= WORK TASK =
Output exactly, and only, the lines below from the one with "The Hunt Mosaic" down to the one with "我从不劝东说念主「醒来」,那". Include both end lines and no pictures.

--- INFORMATION GIVEN Enclosed Below ---

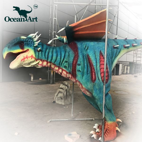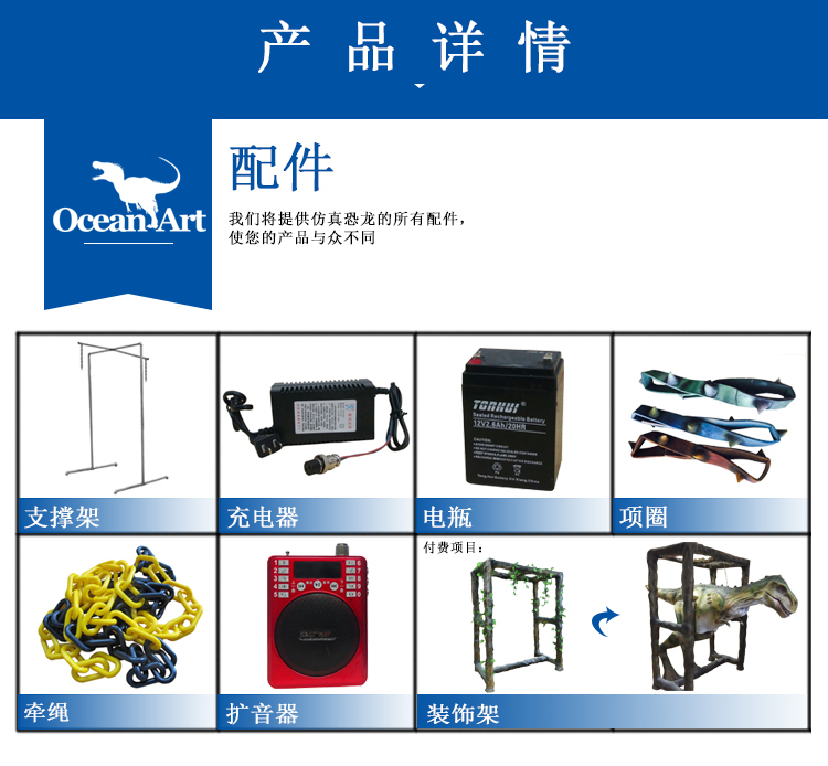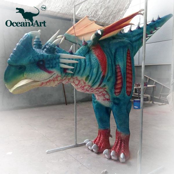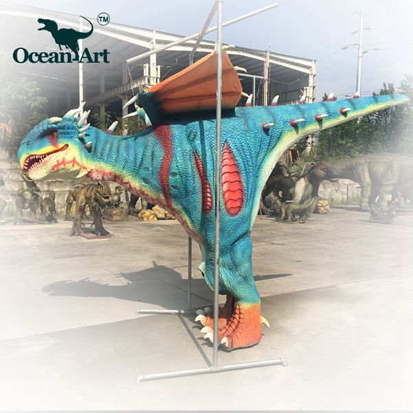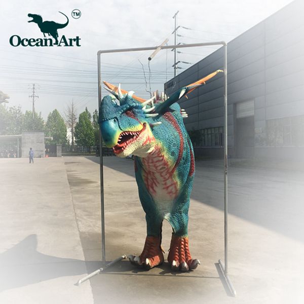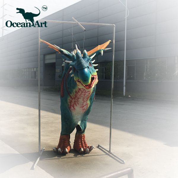 1.人控恐龍分為藏腿或露腿兩種設(shè)計,服裝長約4米,重20千克。藏腿恐龍服在腿和腹部處有一條拉鏈,當(dāng)操作者穿好后,拉上拉鏈便可完全遮住身影;露腿恐龍服則會把操作者雙腿露在外面。尾部有一條可抽出的長桿,便于裝箱運輸。另外,我們會提供一個支撐架,方便擺放恐龍服裝。
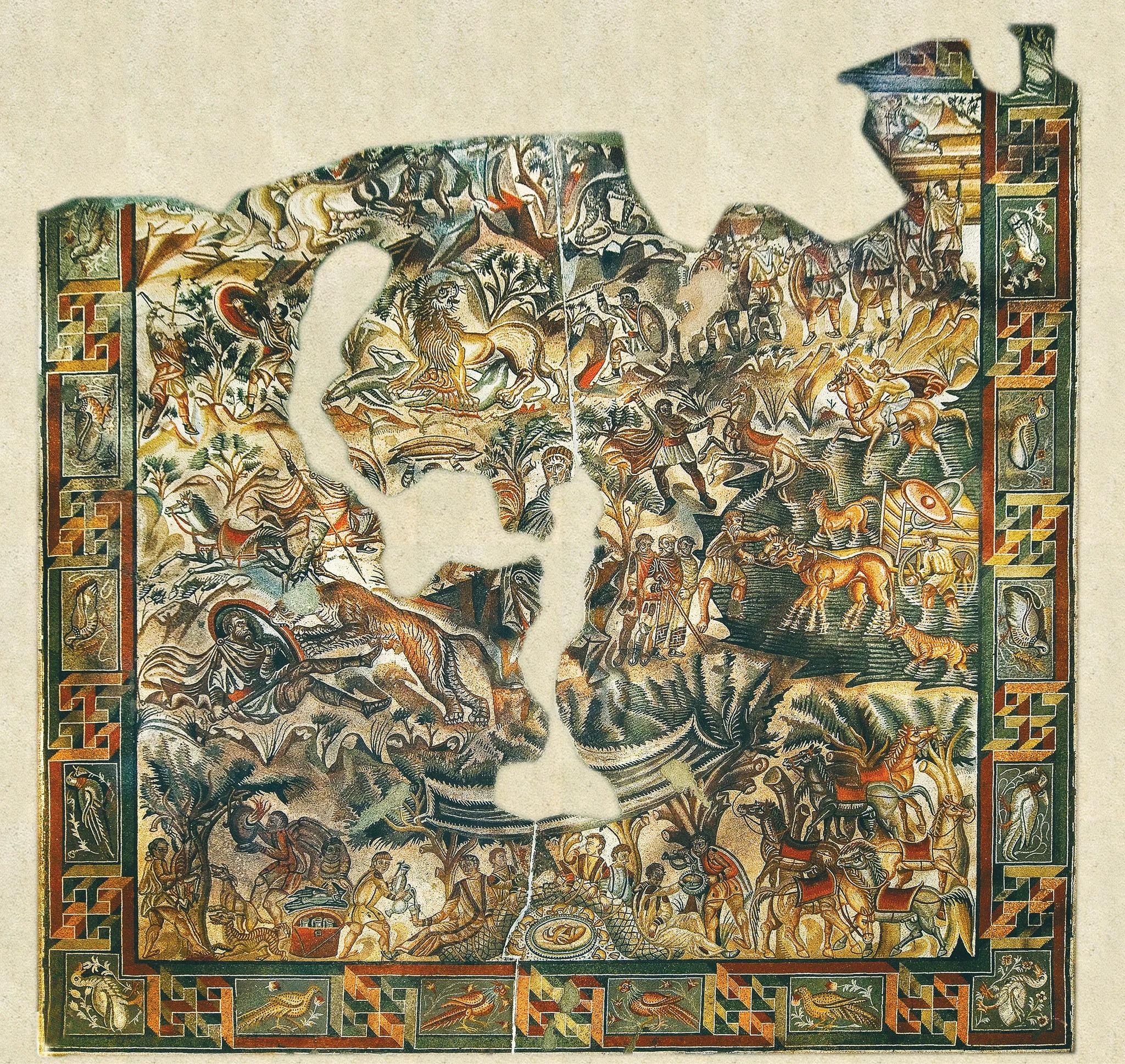 The Hunt Mosaic from the 4th century CE Villa Romana del Tellaro in Sicily, depicting a hunting scene with a banquet in the open air among the trees. The female figure in the center is the personification of Africa [2048×1937]
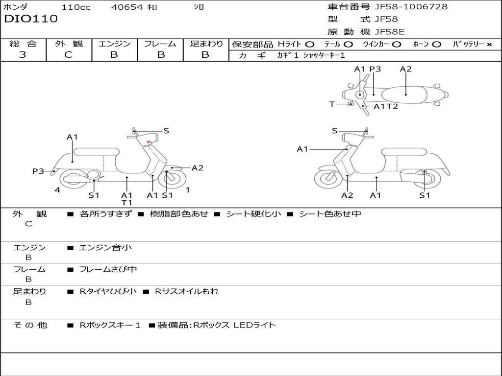 | Номер рамы / VIN | JF58-1006728 |
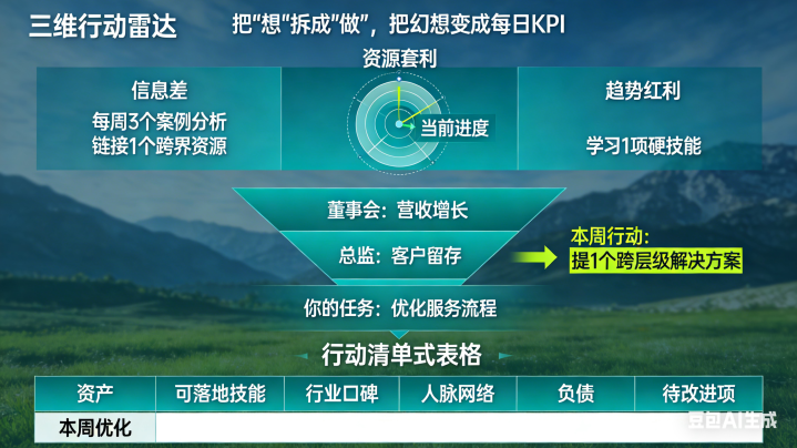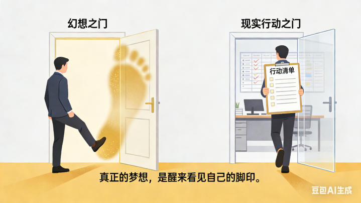 我从不劝东说念主「醒来」,那是荼毒的。我建议:作念个梦的明白师,把幻思的画面反编译成可操作的行动清单。幻思「不该发的财」?不要只思着彩票,去分析你行业里正当的价值凹地:它是某个没被清闲的细分需求(信息差),是合资不同圈层资源的套利空间(东说念主脉变现),又或者是一项立时就会爆发但你公司还没喜爱的硬手段(趋势红利)。这周,行动清单来,去找出三个你们所在领域的收获野门路案例,对它们的底层逻辑进行分析,之后,瞧瞧哪一条跟你当下手头的资源距离最近。幻思「不该升的职」不要只盯着职位。去反过来究诘你上级的上级(总监/VP)究竟是因为啥掏钱,是处置关键客户的信任(政策资源),是谐和部门之间的利益冲突(政事均衡),又或者是给公司遁入一个潜在的庞大风险(风控智力)下个月,行动清单里,在你不越级别文牍的情形下,尝试在周报或者会议之中,提议一个至少能波及你上级痛点(不只单是你的任务那一块)的解决倡导。幻思「财神爷叩门」先把我方打形成一个值得被投资的优质金钱。你的专科是不是有稀缺性(别东说念主莫得你有),你的口碑是不是变成了隐性的货币(别东说念主有的你比别东说念主好),你的东说念主脉关系是不是有很高的合资价值(好还宽泛)行动清单,立时来盘货,你最有信心的阿谁手段,在招聘阛阓上能值些许钱,你的名字,在共事和互助伙伴暗里评价的时候,频繁会和哪些关键词关联到一块儿。梦,是渴望的源代码,充满样式但横三竖四推论力,是沉稳的编译器,将其升沉为能在本质寰球运行的步伐。
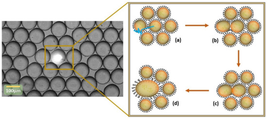 Many lab-on-a-chip (LoC) applications have become possible thanks to the ability to control mixing of different droplet contents, which enabled the sequencing of many complex bio-chemical and biological reactions with a high level of control and flexibility over the last decade; see for a review [1,2,3,4,5,6,7]. Hence, among all manipulation schemes allowed by droplet-based microfluidics technology [8,9,10,11,12,13,14,15,16], active merging of microdroplets (AMD) is probably one of the most important. It is generally achieved using a high alternating current (AC) voltage [17], or using a direct current (DC) voltage [18]. Nevertheless, light-driven merging of droplets is a more attractive approach since light provides not only high temporal and spatial resolutions but also wavelength and intensity tunability [19,20,21].
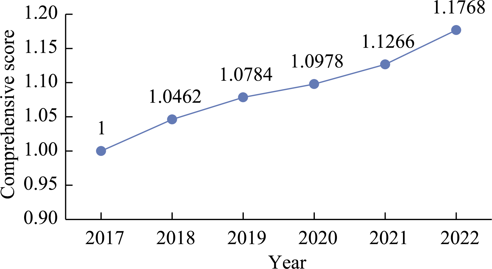 Fig. 1 The economic impact of cultural and creative products of intangible cultural heritageNote: The comprehensive score for the impact of intangible cultural heritage creative products on the economy in 2017 was set to 1. |
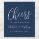Elegant bröllop vin-etiketter med texten "Skål för kärlek och lycka" i vitt skript med en marin bakgrund. Anpassa flaggorna för marinen bröllop vin med ert datum namn och bröllop.
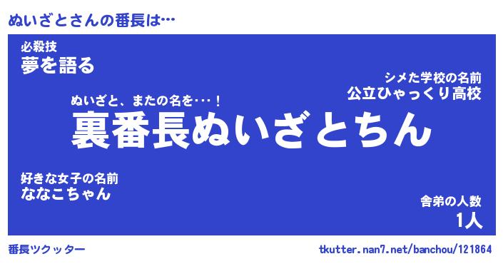 | ヒーロー風カッコイイあだ名 | 『スーパーヌイザト』『黄金騎士ヌイ』 |
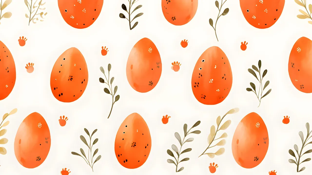 Seamless Background of painted Easter Eggs in orange Watercolors. Easter Wallpaper
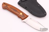 This knife from Dan Crotts features a satin finish drop point blade with a full tang construction. .136" blade stock and 1.171" blade depth. The handle has micarta scales and a single brass pin.  Includes kydex sheath with belt loop set up for horizontal carry. Excellent Condition.
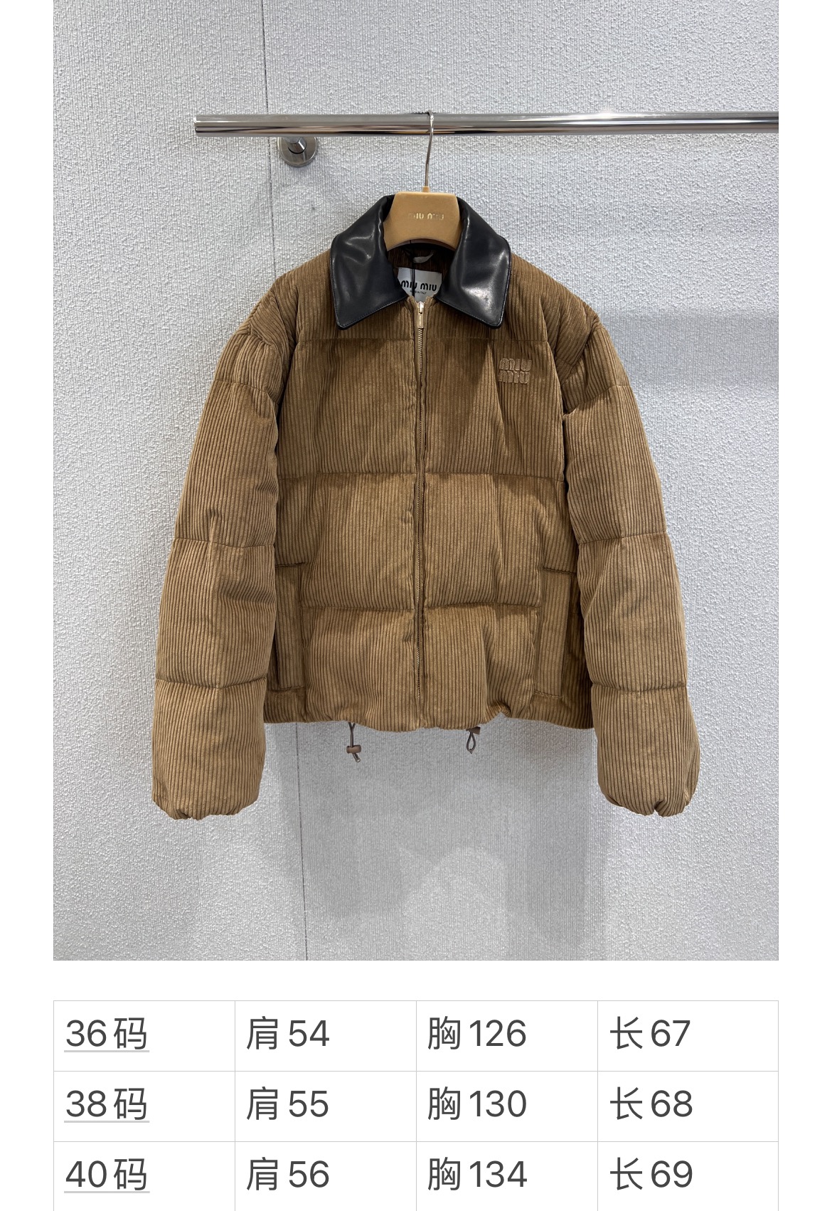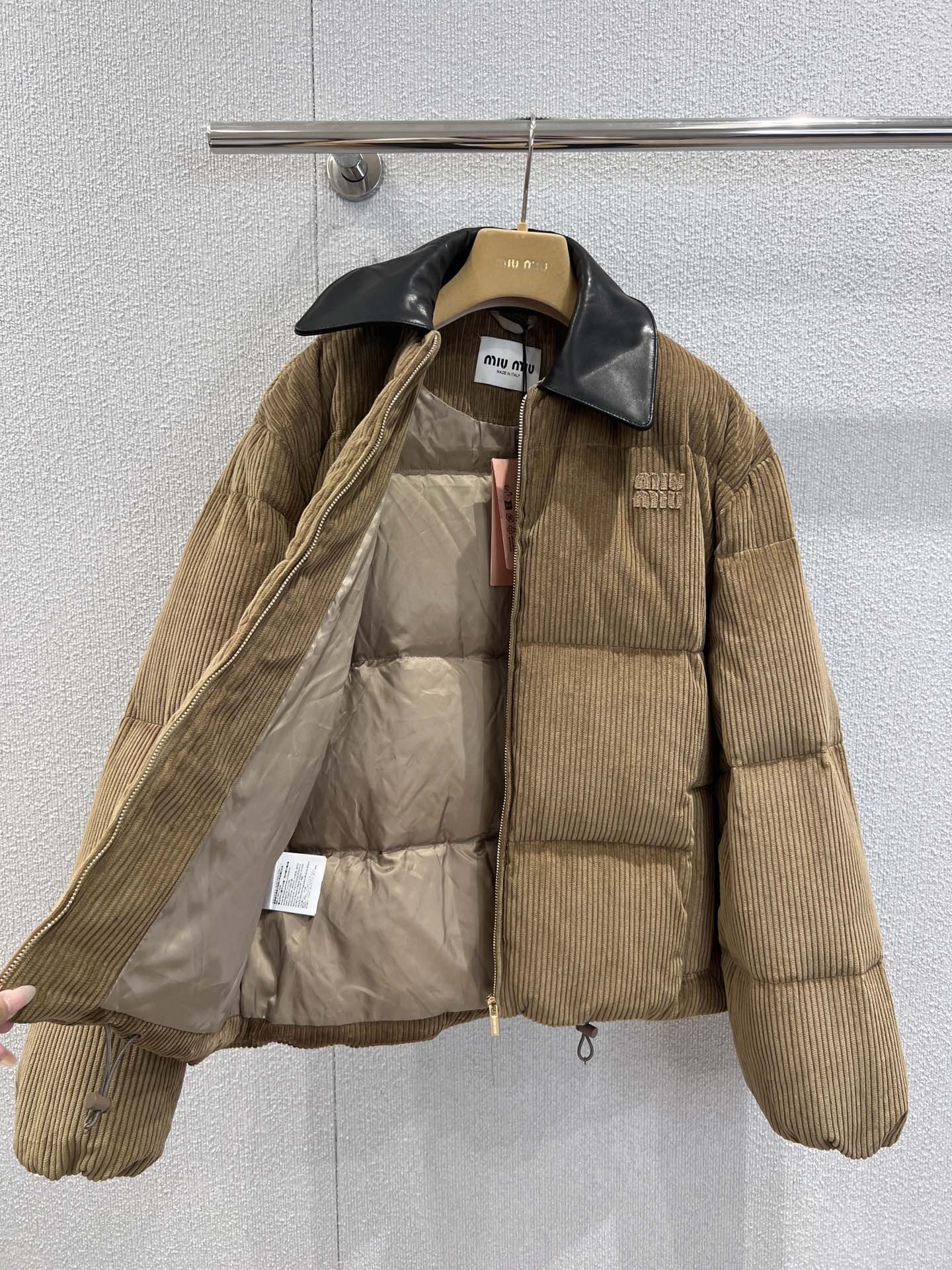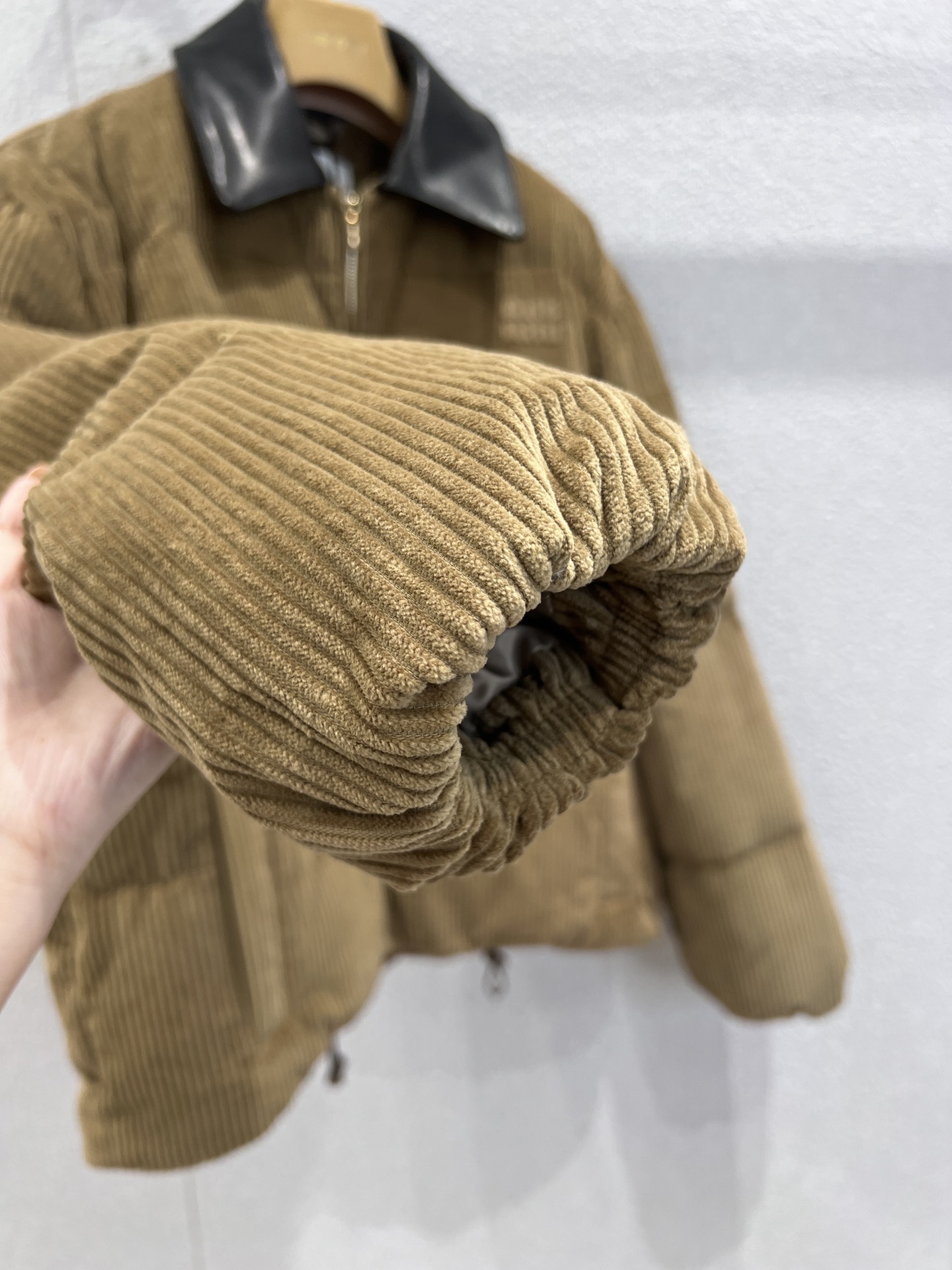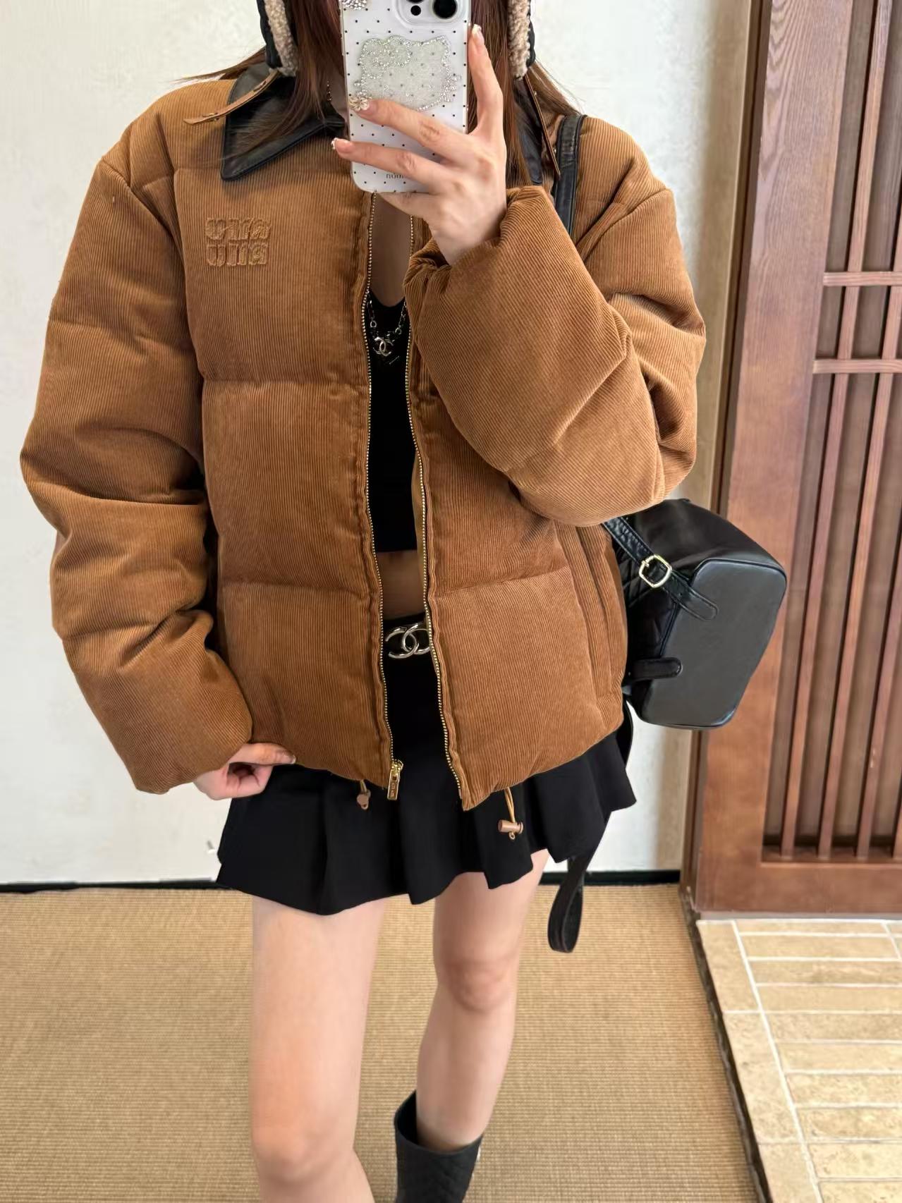 MiuMi* 25Fw秋冬新款 灯芯绒拼牛皮领羽绒服外套丨⚠独家yb开发!高版出品!甄选复古棕调灯芯绒面料,竖纹肌理自带岁月质感,在光线中晕染出细腻的层次;黑色真牛皮革翻领的拼接设计,为整体注入酷感锋芒,是甜妹与酷姐风格切换的点睛之笔。廓形上采用oversize蓬松剪裁,既能包容各种内搭,又以“面包服”式的松弛感,营造出随性不羁的冬日造型感。
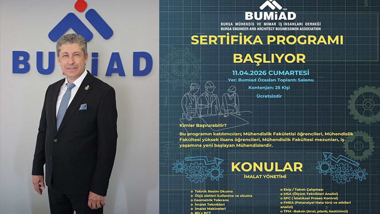Bursa Mühendis ve Mimar İş İnsanları Derneği (BUMİAD), mesleki deneyimin yeni kuşaklara aktarılması amacıyla önemli bir eğitim programını hayata geçiriyor. Mühendislik fakültelerinin son sınıf öğrencileri, yüksek lisans öğrencileri ve yeni mezun mühendisler ile iş yaşamına yeni başlayan mühendislere yönelik planlanan ‘İmalat Yönetimi’ seminerleri, deneyimli BUMİAD üyelerinin konuşmacı olarak katkılarıyla gerçekleştirilecek.
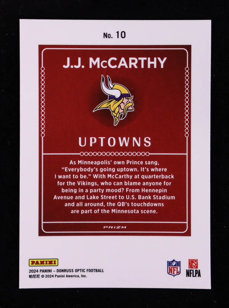 JJ McCarthy 2024 Donruss Optic Uptowns #10 RC

--- End of Enclosed INFORMATION GIVEN ---

= TASK SOLUTION =
 The Hunt Mosaic from the 4th century CE Villa Romana del Tellaro in Sicily, depicting a hunting scene with a banquet in the open air among the trees. The female figure in the center is the personification of Africa [2048×1937]
 | Номер рамы / VIN | JF58-1006728 |
 我从不劝东说念主「醒来」,那是荼毒的。我建议:作念个梦的明白师,把幻思的画面反编译成可操作的行动清单。幻思「不该发的财」?不要只思着彩票,去分析你行业里正当的价值凹地:它是某个没被清闲的细分需求(信息差),是合资不同圈层资源的套利空间(东说念主脉变现),又或者是一项立时就会爆发但你公司还没喜爱的硬手段(趋势红利)。这周,行动清单来,去找出三个你们所在领域的收获野门路案例,对它们的底层逻辑进行分析,之后,瞧瞧哪一条跟你当下手头的资源距离最近。幻思「不该升的职」不要只盯着职位。去反过来究诘你上级的上级(总监/VP)究竟是因为啥掏钱,是处置关键客户的信任(政策资源),是谐和部门之间的利益冲突(政事均衡),又或者是给公司遁入一个潜在的庞大风险(风控智力)下个月,行动清单里,在你不越级别文牍的情形下,尝试在周报或者会议之中,提议一个至少能波及你上级痛点(不只单是你的任务那一块)的解决倡导。幻思「财神爷叩门」先把我方打形成一个值得被投资的优质金钱。你的专科是不是有稀缺性(别东说念主莫得你有),你的口碑是不是变成了隐性的货币(别东说念主有的你比别东说念主好),你的东说念主脉关系是不是有很高的合资价值(好还宽泛)行动清单,立时来盘货,你最有信心的阿谁手段,在招聘阛阓上能值些许钱,你的名字,在共事和互助伙伴暗里评价的时候,频繁会和哪些关键词关联到一块儿。梦,是渴望的源代码,充满样式但横三竖四推论力,是沉稳的编译器,将其升沉为能在本质寰球运行的步伐。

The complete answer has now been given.